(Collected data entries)
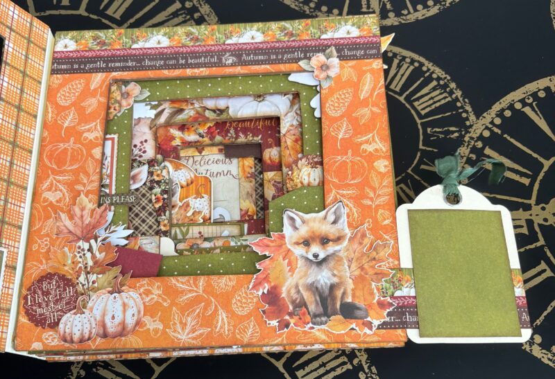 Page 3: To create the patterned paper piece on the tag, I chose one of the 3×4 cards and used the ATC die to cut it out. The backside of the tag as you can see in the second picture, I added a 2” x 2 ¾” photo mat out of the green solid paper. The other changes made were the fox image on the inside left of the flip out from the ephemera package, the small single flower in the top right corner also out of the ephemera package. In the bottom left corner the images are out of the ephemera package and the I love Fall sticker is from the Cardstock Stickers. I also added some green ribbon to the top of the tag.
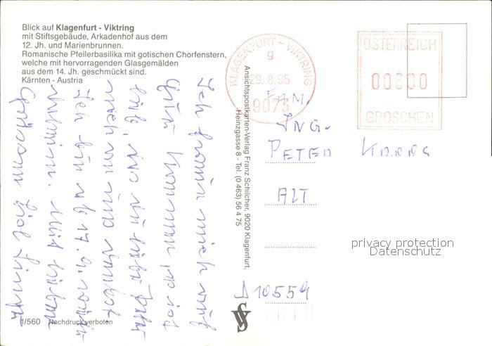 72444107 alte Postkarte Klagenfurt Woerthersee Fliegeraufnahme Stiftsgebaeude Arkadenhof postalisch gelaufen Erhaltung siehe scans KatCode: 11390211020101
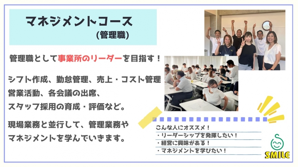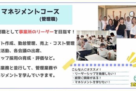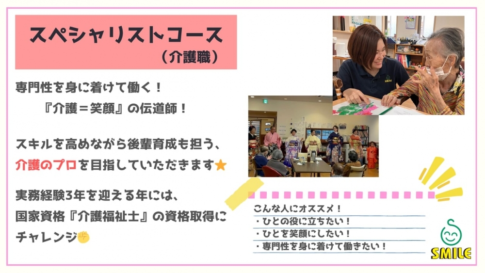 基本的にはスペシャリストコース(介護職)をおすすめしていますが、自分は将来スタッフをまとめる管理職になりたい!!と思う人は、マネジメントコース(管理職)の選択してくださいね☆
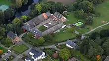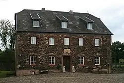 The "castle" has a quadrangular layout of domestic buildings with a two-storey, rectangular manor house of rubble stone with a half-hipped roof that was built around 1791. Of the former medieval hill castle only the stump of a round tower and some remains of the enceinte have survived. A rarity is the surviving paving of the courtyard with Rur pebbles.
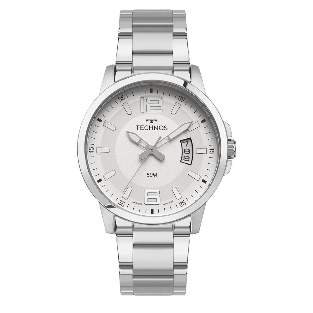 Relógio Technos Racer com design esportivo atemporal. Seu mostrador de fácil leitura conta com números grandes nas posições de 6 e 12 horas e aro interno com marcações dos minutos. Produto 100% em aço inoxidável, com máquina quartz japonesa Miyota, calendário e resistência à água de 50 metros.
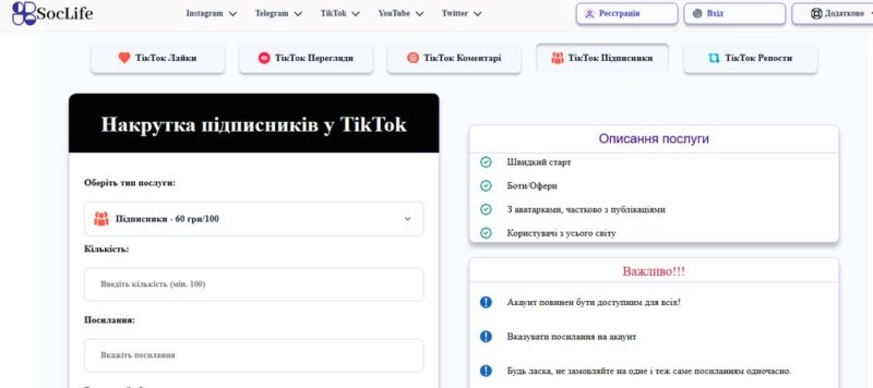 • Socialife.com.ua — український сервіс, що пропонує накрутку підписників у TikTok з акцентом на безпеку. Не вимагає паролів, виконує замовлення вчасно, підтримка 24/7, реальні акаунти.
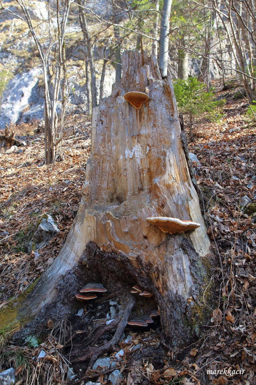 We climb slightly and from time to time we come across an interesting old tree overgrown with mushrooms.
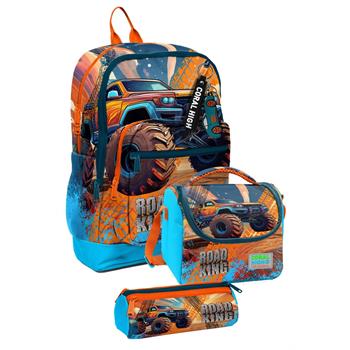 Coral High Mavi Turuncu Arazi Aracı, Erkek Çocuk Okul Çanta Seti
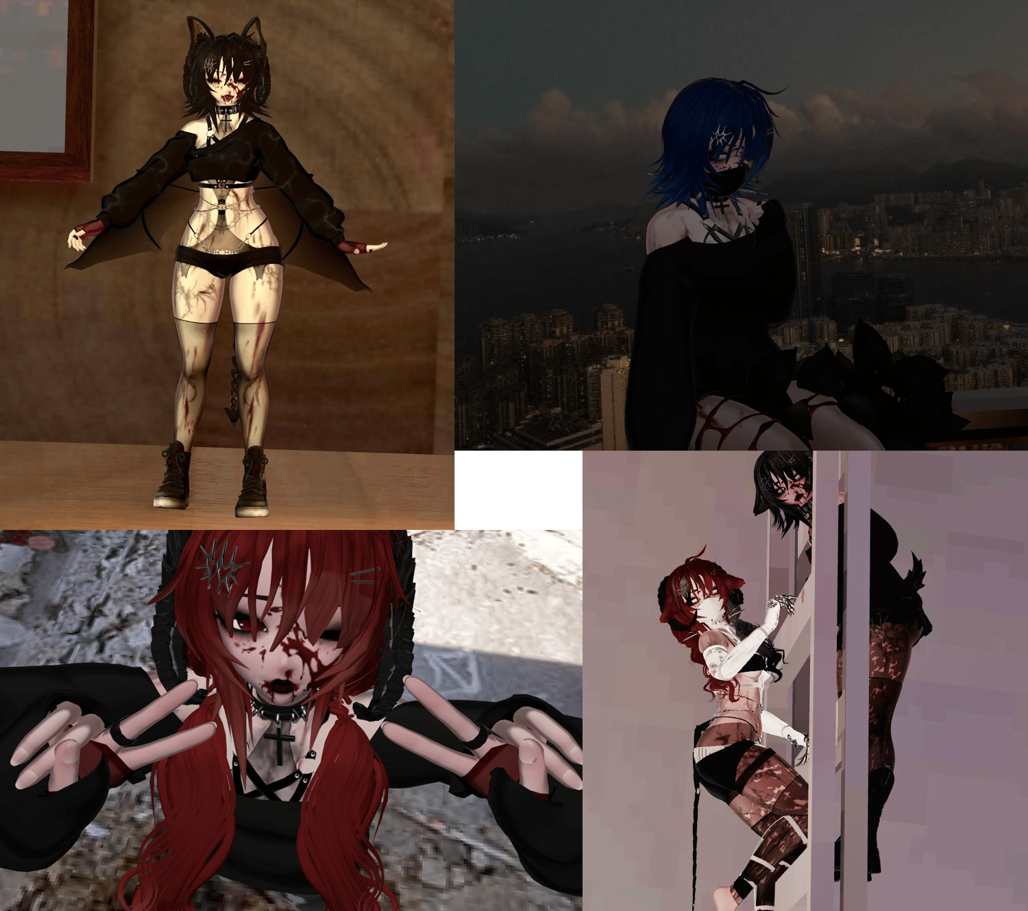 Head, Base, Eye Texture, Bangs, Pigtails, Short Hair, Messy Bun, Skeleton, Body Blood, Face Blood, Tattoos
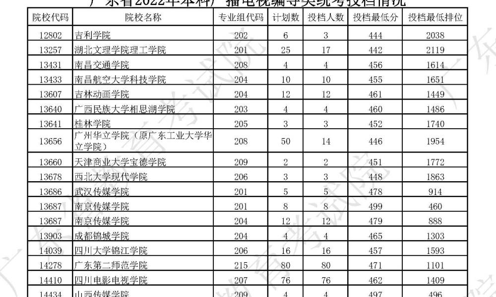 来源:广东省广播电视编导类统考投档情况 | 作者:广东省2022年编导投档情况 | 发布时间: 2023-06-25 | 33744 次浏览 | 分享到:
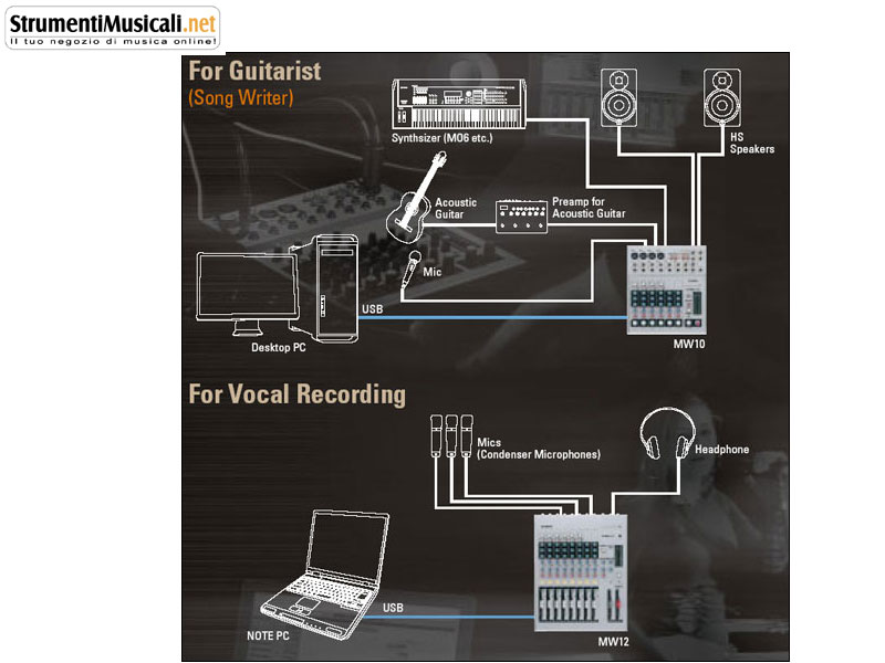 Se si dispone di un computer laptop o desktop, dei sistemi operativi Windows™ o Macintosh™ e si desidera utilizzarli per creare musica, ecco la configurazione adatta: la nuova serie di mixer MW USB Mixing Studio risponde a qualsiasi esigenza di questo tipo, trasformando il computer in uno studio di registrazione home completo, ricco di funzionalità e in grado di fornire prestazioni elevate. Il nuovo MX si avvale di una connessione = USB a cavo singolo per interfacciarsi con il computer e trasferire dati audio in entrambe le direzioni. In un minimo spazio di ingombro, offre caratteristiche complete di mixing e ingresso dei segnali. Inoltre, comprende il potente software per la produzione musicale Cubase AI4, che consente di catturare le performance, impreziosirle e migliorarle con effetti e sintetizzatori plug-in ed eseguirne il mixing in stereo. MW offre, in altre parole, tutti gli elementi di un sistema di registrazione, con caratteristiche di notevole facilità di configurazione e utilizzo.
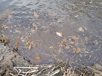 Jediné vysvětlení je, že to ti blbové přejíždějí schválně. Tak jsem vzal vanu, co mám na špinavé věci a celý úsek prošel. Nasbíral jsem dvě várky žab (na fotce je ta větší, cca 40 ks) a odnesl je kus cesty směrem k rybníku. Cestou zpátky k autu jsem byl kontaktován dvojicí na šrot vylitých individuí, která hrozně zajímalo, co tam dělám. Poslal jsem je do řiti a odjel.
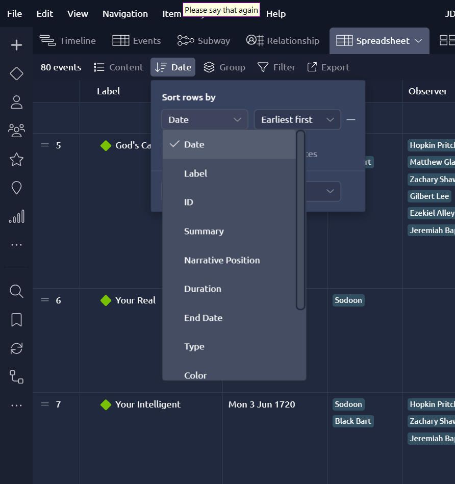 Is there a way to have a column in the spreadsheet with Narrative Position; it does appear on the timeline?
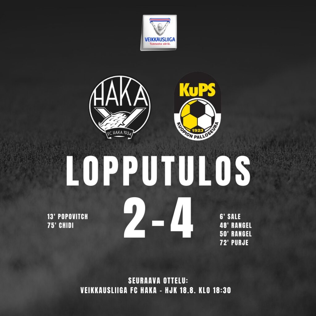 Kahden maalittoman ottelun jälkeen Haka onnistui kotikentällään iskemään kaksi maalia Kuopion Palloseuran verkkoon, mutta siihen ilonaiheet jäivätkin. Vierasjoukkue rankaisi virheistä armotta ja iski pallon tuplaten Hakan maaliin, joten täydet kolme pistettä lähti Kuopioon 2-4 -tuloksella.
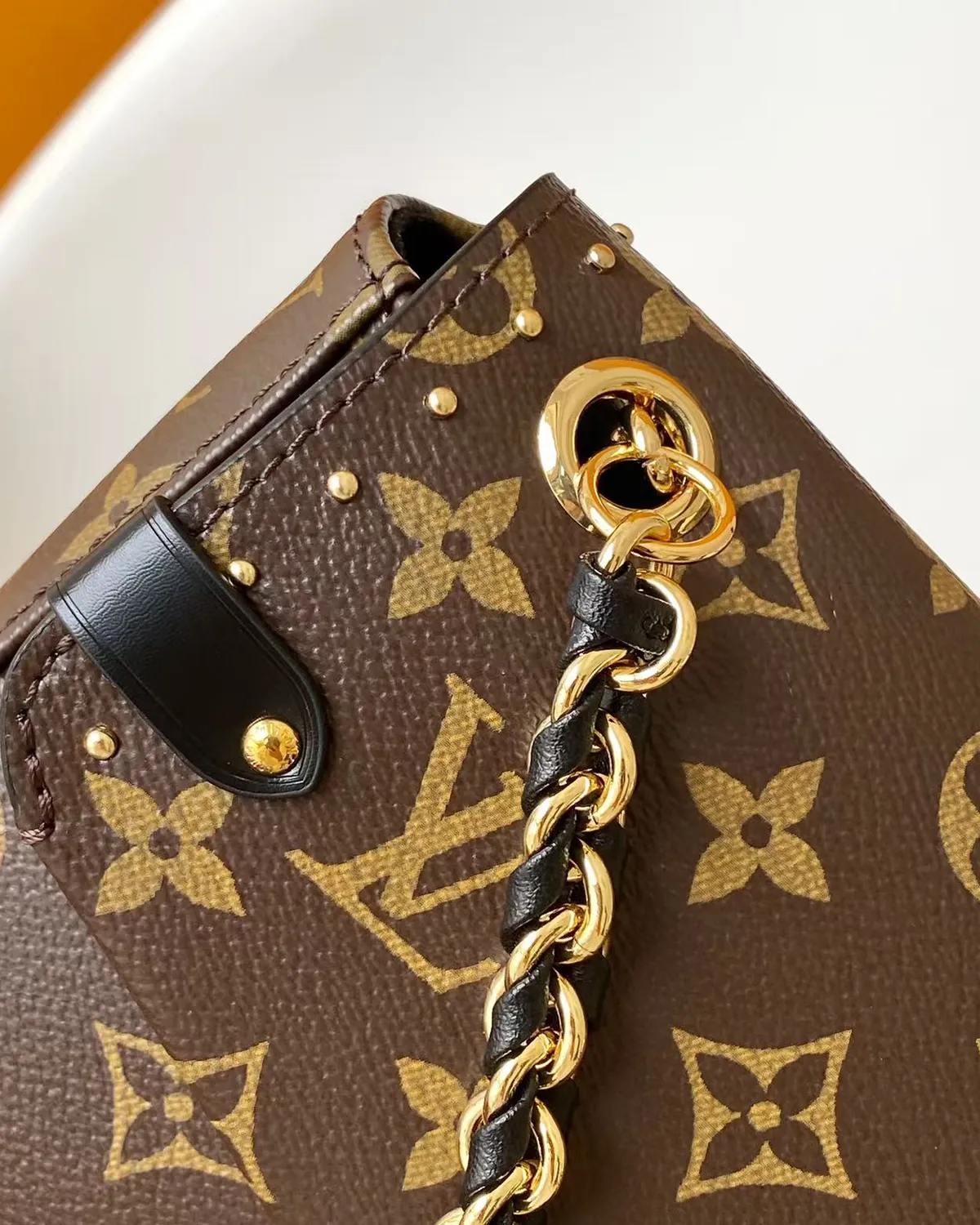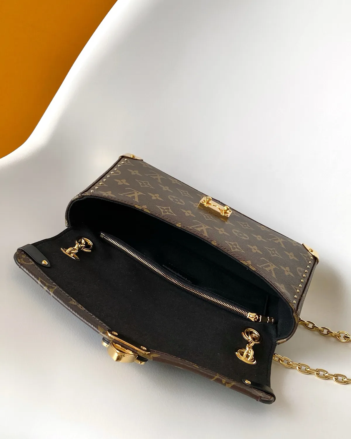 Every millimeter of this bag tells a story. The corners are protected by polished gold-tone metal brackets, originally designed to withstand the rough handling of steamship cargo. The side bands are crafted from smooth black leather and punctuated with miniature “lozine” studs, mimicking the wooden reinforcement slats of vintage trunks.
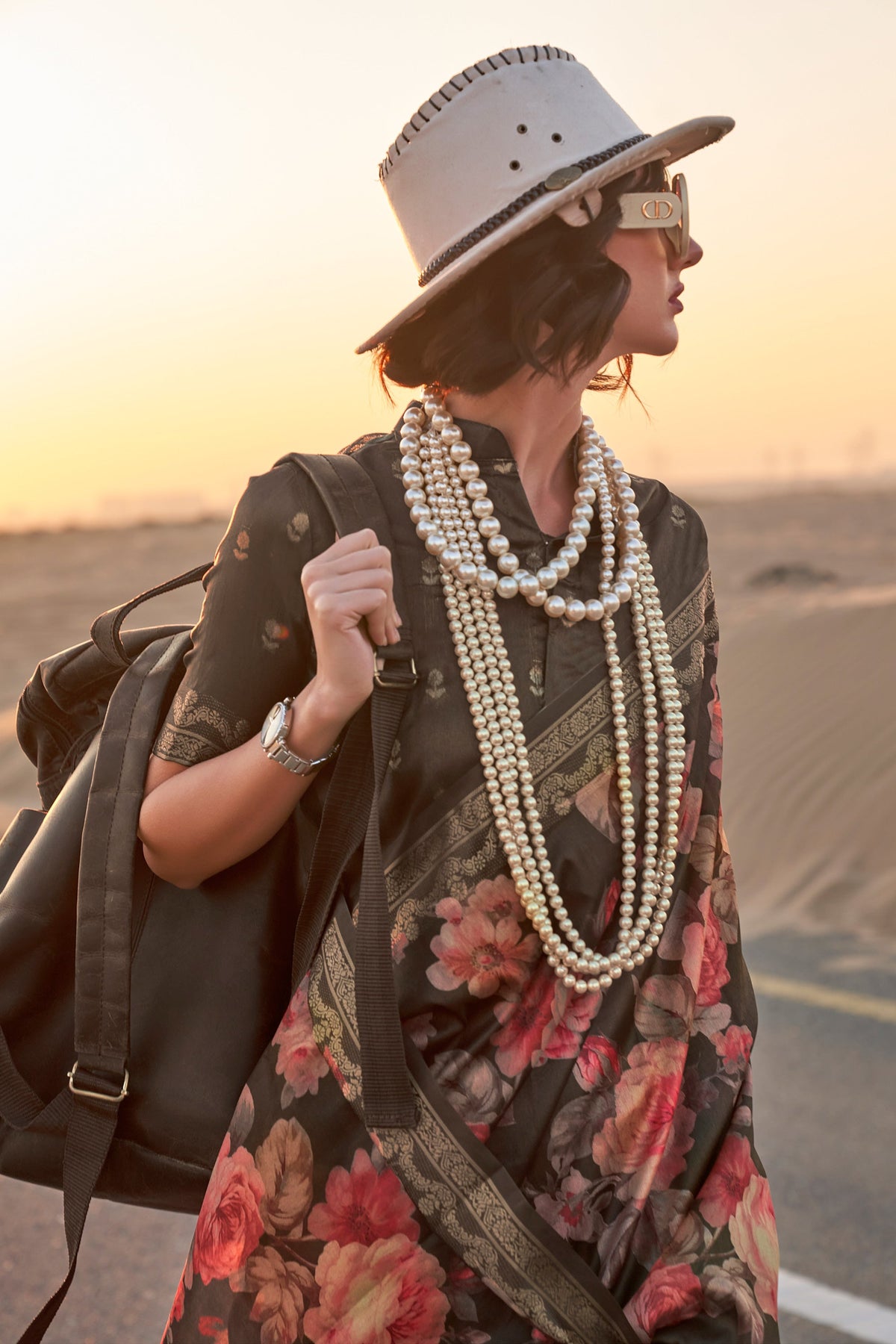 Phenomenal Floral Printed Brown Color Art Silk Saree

* [PROBLEM TO WORK ON]:
From the records above, copy only the lines running from the line holding "with Rur pebbles." through the line holding "Relógio Technos Racer", with no pictures.

* [RESPONSE]:
 The "castle" has a quadrangular layout of domestic buildings with a two-storey, rectangular manor house of rubble stone with a half-hipped roof that was built around 1791. Of the former medieval hill castle only the stump of a round tower and some remains of the enceinte have survived. A rarity is the surviving paving of the courtyard with Rur pebbles.
 Relógio Technos Racer com design esportivo atemporal. Seu mostrador de fácil leitura conta com números grandes nas posições de 6 e 12 horas e aro interno com marcações dos minutos. Produto 100% em aço inoxidável, com máquina quartz japonesa Miyota, calendário e resistência à água de 50 metros.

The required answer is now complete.